Mardi Gras in New Orleans explodes with vivid colors and vibrant sounds. These sensory aspects are what most people associate with the parades … and those are some of my favorite aspects as well. But Mardi Gras is also about community and people from various backgrounds coming together — something that wasn’t always the case. I chose to present these photos in black and white to narrow the focus — to help us see the faces — to help accentuate the contrasts.

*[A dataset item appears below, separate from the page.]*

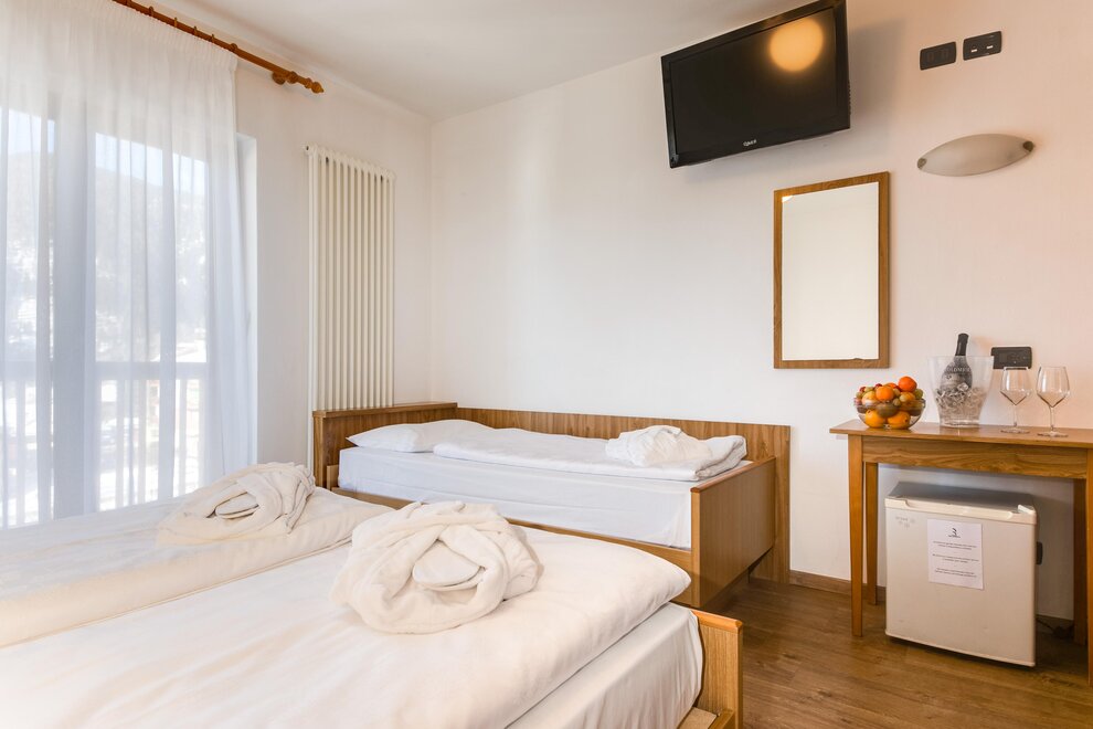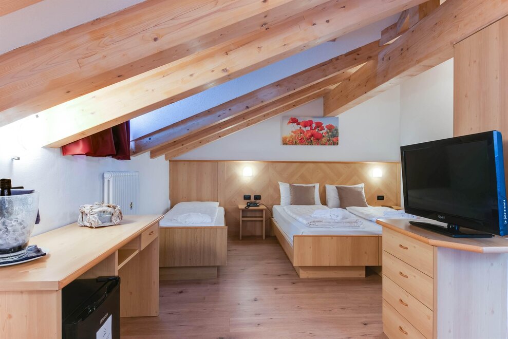 Comfortable triple room with double bed plus single bed or three single beds, finely furnished in typical alpine style, with a view of the Dolomites, some with balcony. It has tv, wi-fi, minibar, private bathroom with shower and hairdryer.

The photographs below were taken at the Zulu Social Aid and Pleasure Club parade and the Rex parade on February 25, 2020. Rex has been parading on Mardi Gras since 1872. The group that would become Zulu began marching in 1909 and organized as “Zulu” in 1916. At the time, African Americans were locked out of Mardi Gras krewes and endured harsh treatment throughout the Jim Crow south. The parades now happen back-to-back and share much of the same route (though with different starting and ending points).

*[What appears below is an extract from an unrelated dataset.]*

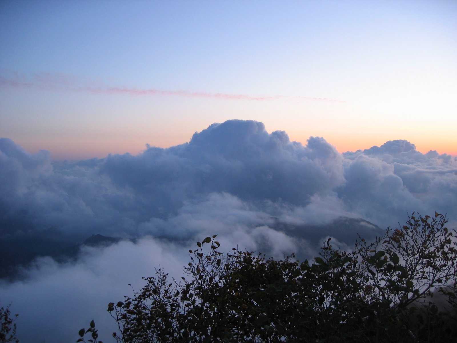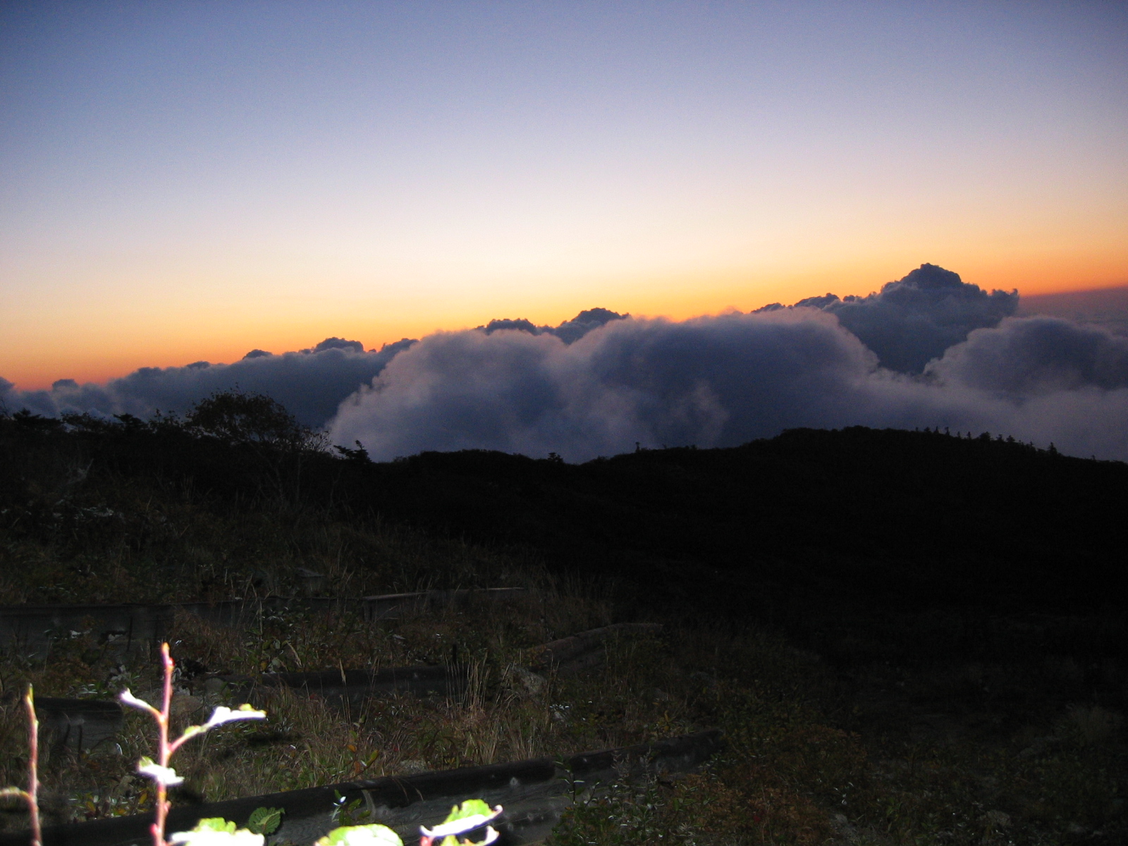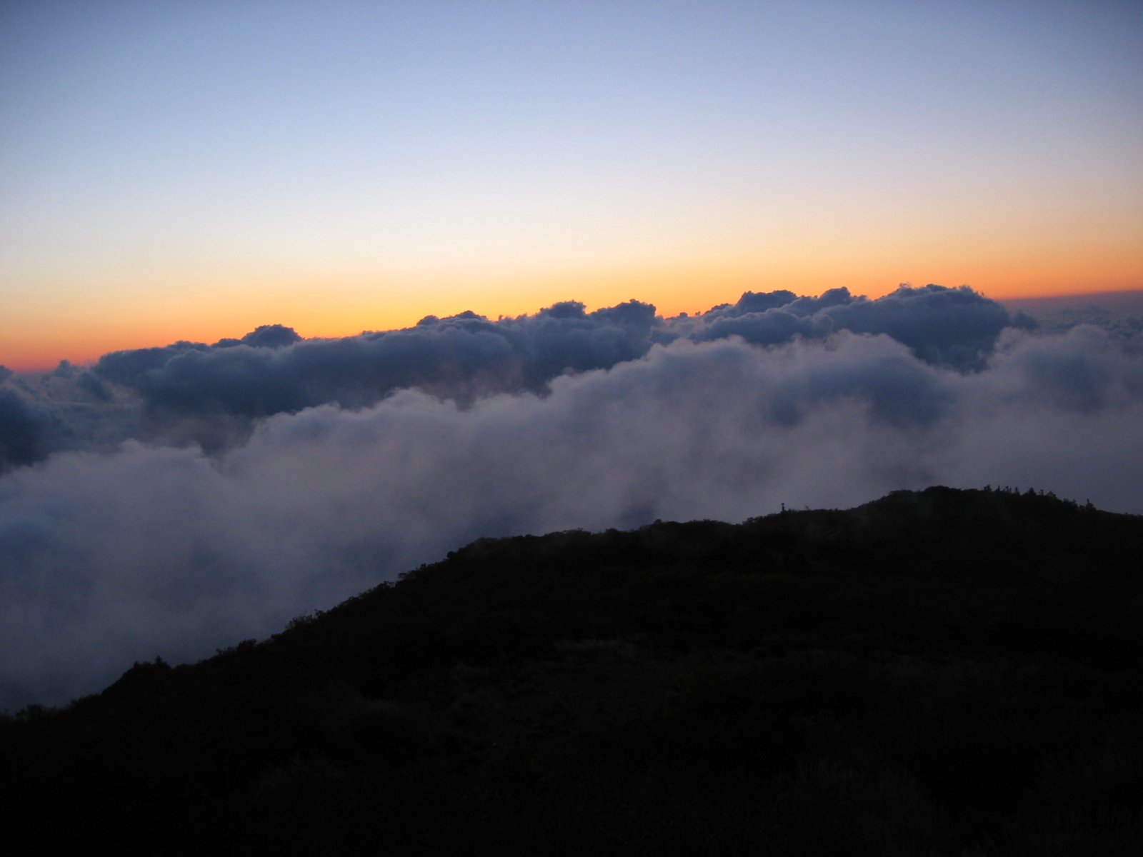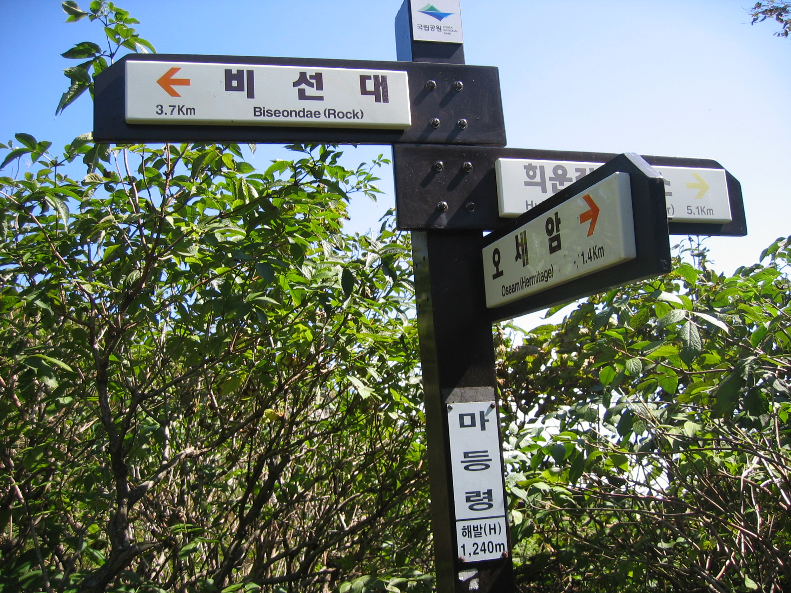2시간40분만에 정상에 올라 몇차례의 새벽산행중 처음으로 일출을 볼 기대감에 기분이 잔뜩 부풀어 있었지만 결국 구름과 안개가 태양과 함께 올라오는 바람에 또 그 꿈을 접어야만 했다.

Zulu means something very special in New Orleans. Though excluded from participating in the existing krewes of the day, Zulu forged its own tradition. It remains a beautiful reminder of the triumph over injustice. The parade is an understandable source of pride in the New Orleans African-American community.

The two parades exhibited dramatic contrasts. While both featured bands and music, music had a much larger role in Zulu. I especially enjoy seeing floats honoring Louis Armstrong and Professor Longhair — two of our city’s musical greats. Over and over I heard people at the Zulu talking about where they went to high school.

While Rex was more formal and the viewers were a bit more distant, Zulu was extremely interactive. Getting a coconut is no easy task and usually involves interaction between the rider and the viewer. One of the coconuts I received included a great moment of connection. Rex focused on themed beads. Zulu, in addition to their coveted coconuts and themed beads, threw many stuffed animals and similar items to children along the parade route. I really enjoyed both parades and time with Kimberly and friends. It also provided a glimpse at socio-cultural dynamics of the past and the present.